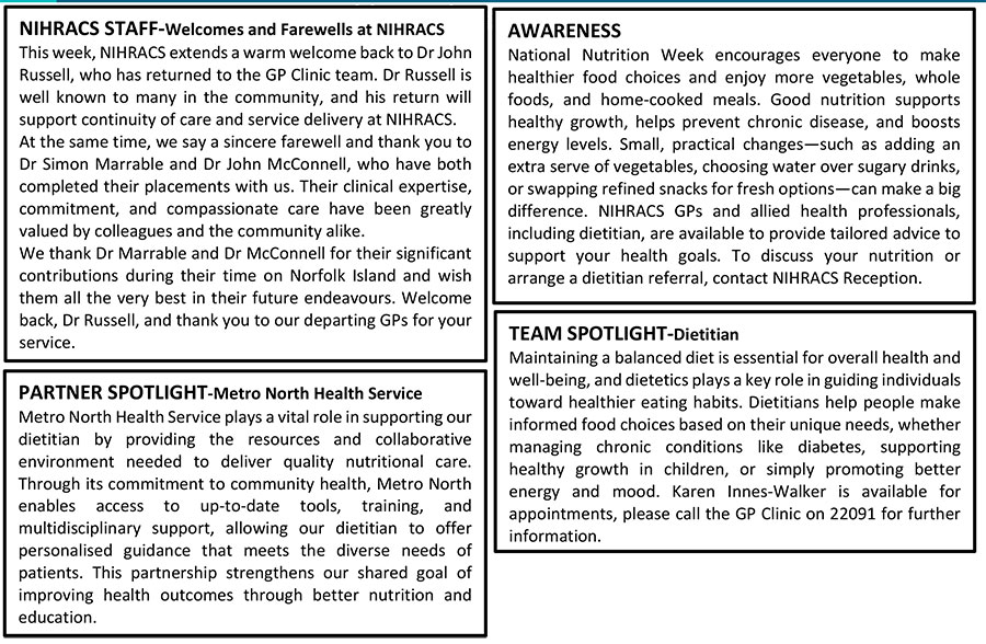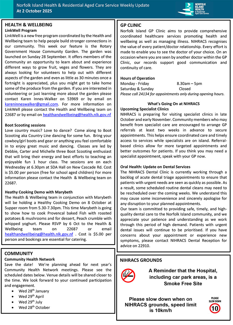 Norfolk Island Health & Residential Aged Care Service Weekly Update At 2 October 2025
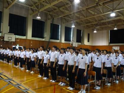 始業式では、校長が「2学期は行事が多くて長い学期だが成長するチャンスが多い。1つ1つのことに挑戦する気持ちを大切にして達成感を味わい、新しい自分、知らなかった自分に出会ってほしい」と全校生徒にエールを送りました。
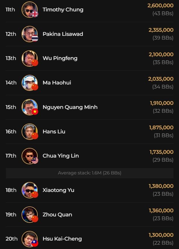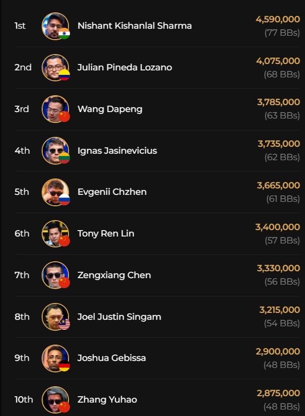 Mit Joshua Gebissa hat sich ein deutscher Spieler eine aussichtsreiche Position erspielt, weitere bekannte Teilnehmer waren Thomas Eychenne, Ren Lin oder Kiat Lee.
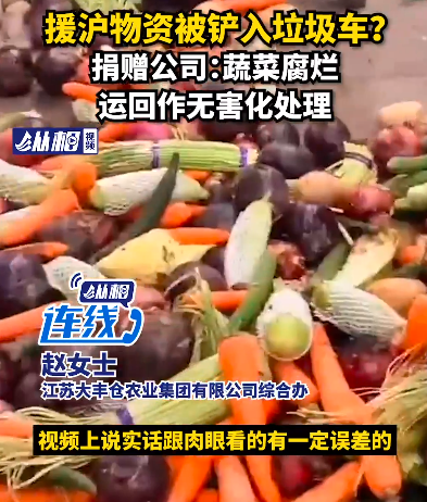 而江苏盐城捐赠的蔬菜甚至因为部分腐烂而被沪牌车从上海重新拉回盐城,铲到了垃圾车当中作“无害化处理”。
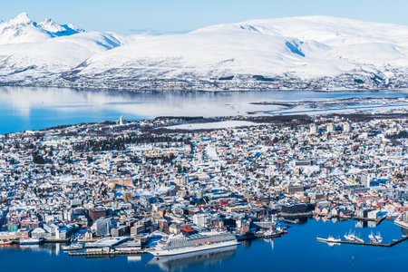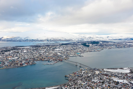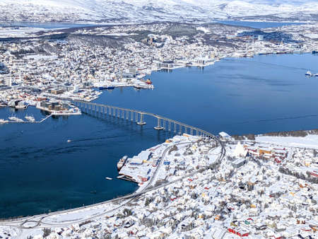 Tromso, Norway - November 17, 2019: Above view of beautiful winter landscape of snow covered town Tromso in Northern Norway
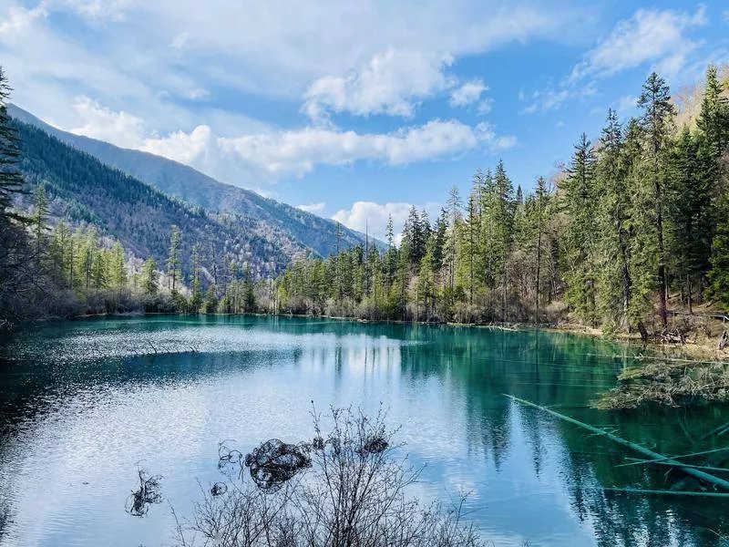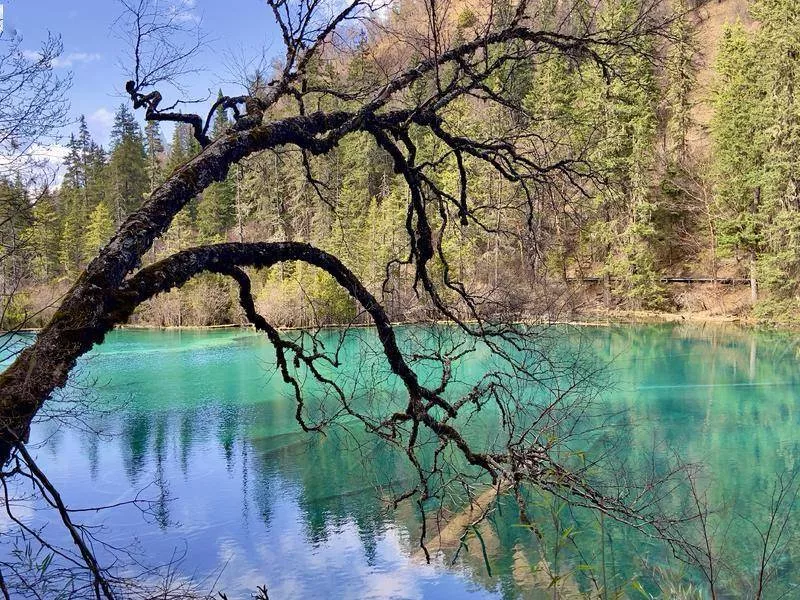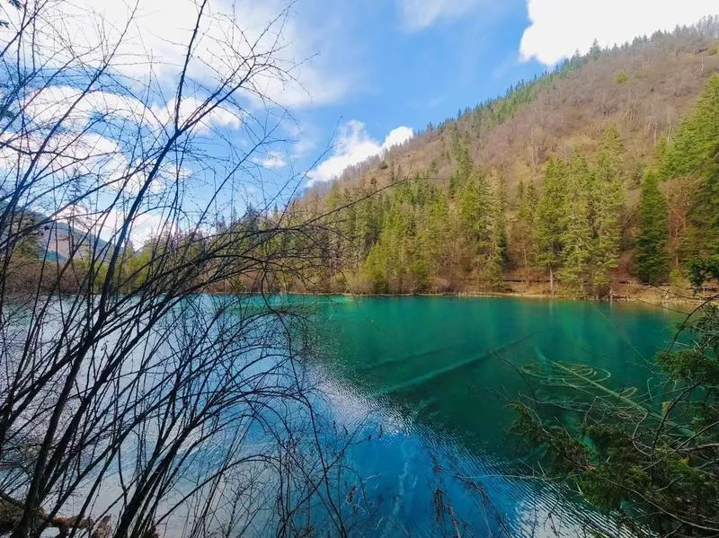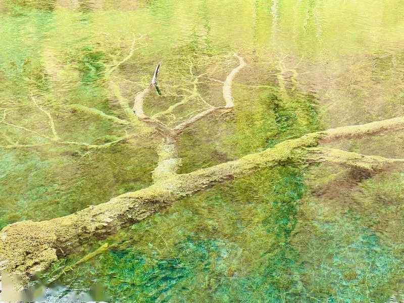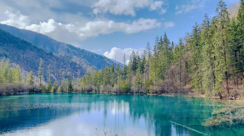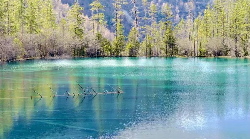 水中沉积在树木上的钙化物形成的钙化堤梗,它犹如一条青龙掩卧于蔚蓝的湖水中,欲腾欲飞,让湖水显得深不可测,传说中青龙海里的这条龙是嫩恩桑措仙女的第三条天龙,他才是真正用于和扎嘎山神相会的座骑。
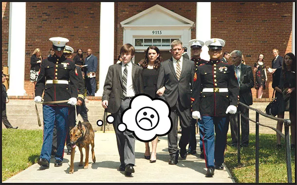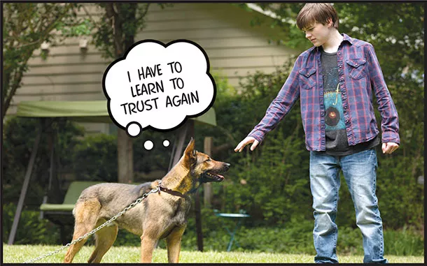 The mission goes wrong; Max’s handler, Kyle, is killed; and the dog returns stateside with PTSD.
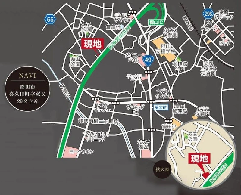 ※地図上の「対象地」は「福島県郡山市喜久田町字双又 」付近を示しています。実際の場所ではない場合がございます。詳しくはお問い合わせください。
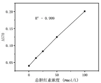 下图展示了本试剂盒测定总胆红素的标准曲线。以下标准曲线仅供参考:
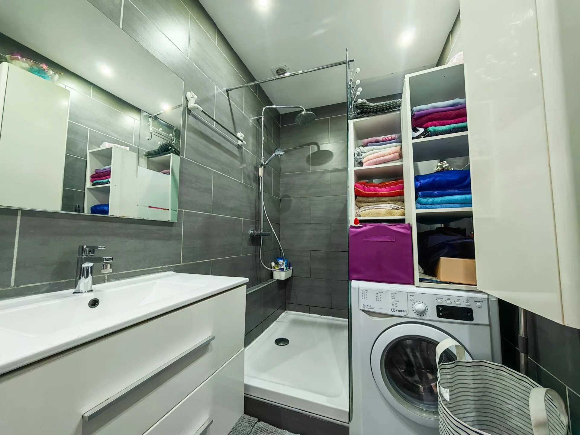 Il se compose d’un agréable séjour avec cuisine ouverte, d’une grande chambre disposant de nombreux rangements, ainsi que d’une salle d’eau avec WC.

**REQUIRED WORK:**
Pictures stay out of the copy; print the material above exactly.

**WRITTEN SOLUTION:**
 Norfolk Island Health & Residential Aged Care Service Weekly Update At 2 October 2025
 始業式では、校長が「2学期は行事が多くて長い学期だが成長するチャンスが多い。1つ1つのことに挑戦する気持ちを大切にして達成感を味わい、新しい自分、知らなかった自分に出会ってほしい」と全校生徒にエールを送りました。
 Mit Joshua Gebissa hat sich ein deutscher Spieler eine aussichtsreiche Position erspielt, weitere bekannte Teilnehmer waren Thomas Eychenne, Ren Lin oder Kiat Lee.
 而江苏盐城捐赠的蔬菜甚至因为部分腐烂而被沪牌车从上海重新拉回盐城,铲到了垃圾车当中作“无害化处理”。
 Tromso, Norway - November 17, 2019: Above view of beautiful winter landscape of snow covered town Tromso in Northern Norway
 水中沉积在树木上的钙化物形成的钙化堤梗,它犹如一条青龙掩卧于蔚蓝的湖水中,欲腾欲飞,让湖水显得深不可测,传说中青龙海里的这条龙是嫩恩桑措仙女的第三条天龙,他才是真正用于和扎嘎山神相会的座骑。
 The mission goes wrong; Max’s handler, Kyle, is killed; and the dog returns stateside with PTSD.
 ※地図上の「対象地」は「福島県郡山市喜久田町字双又 」付近を示しています。実際の場所ではない場合がございます。詳しくはお問い合わせください。
 下图展示了本试剂盒测定总胆红素的标准曲线。以下标准曲线仅供参考:
 Il se compose d’un agréable séjour avec cuisine ouverte, d’une grande chambre disposant de nombreux rangements, ainsi que d’une salle d’eau avec WC.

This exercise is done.